BEGIN Data provided

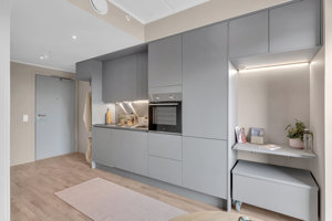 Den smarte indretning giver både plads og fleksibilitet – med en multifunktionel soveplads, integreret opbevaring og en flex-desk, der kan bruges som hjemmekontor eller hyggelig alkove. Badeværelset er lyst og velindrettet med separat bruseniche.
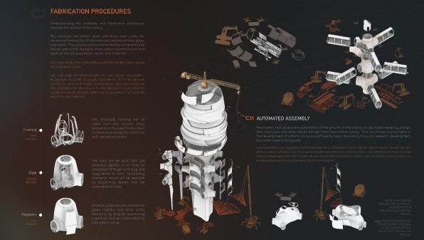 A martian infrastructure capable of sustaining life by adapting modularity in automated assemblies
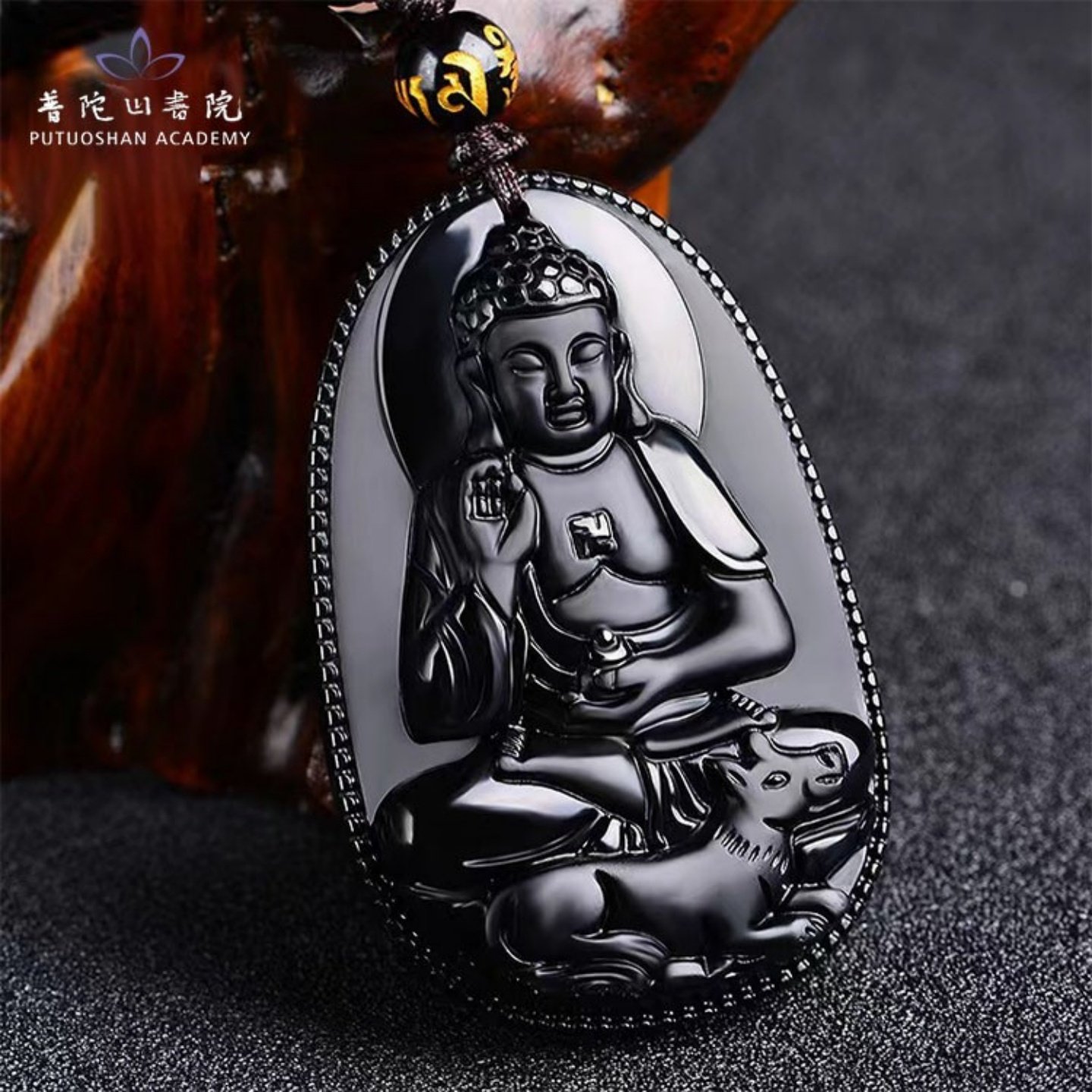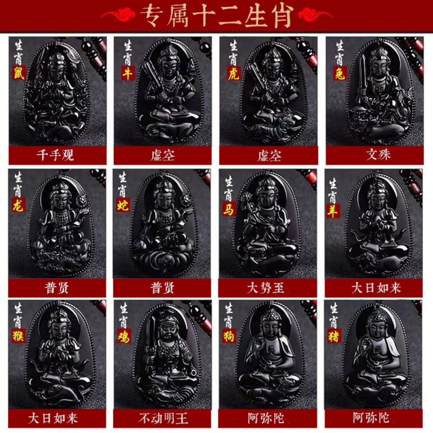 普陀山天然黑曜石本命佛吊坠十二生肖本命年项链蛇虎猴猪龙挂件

END Data provided

Task details :: Repeat the data exactly as given. Keep every picture out of the copy.

Your solution ::
 Den smarte indretning giver både plads og fleksibilitet – med en multifunktionel soveplads, integreret opbevaring og en flex-desk, der kan bruges som hjemmekontor eller hyggelig alkove. Badeværelset er lyst og velindrettet med separat bruseniche.
 A martian infrastructure capable of sustaining life by adapting modularity in automated assemblies
 普陀山天然黑曜石本命佛吊坠十二生肖本命年项链蛇虎猴猪龙挂件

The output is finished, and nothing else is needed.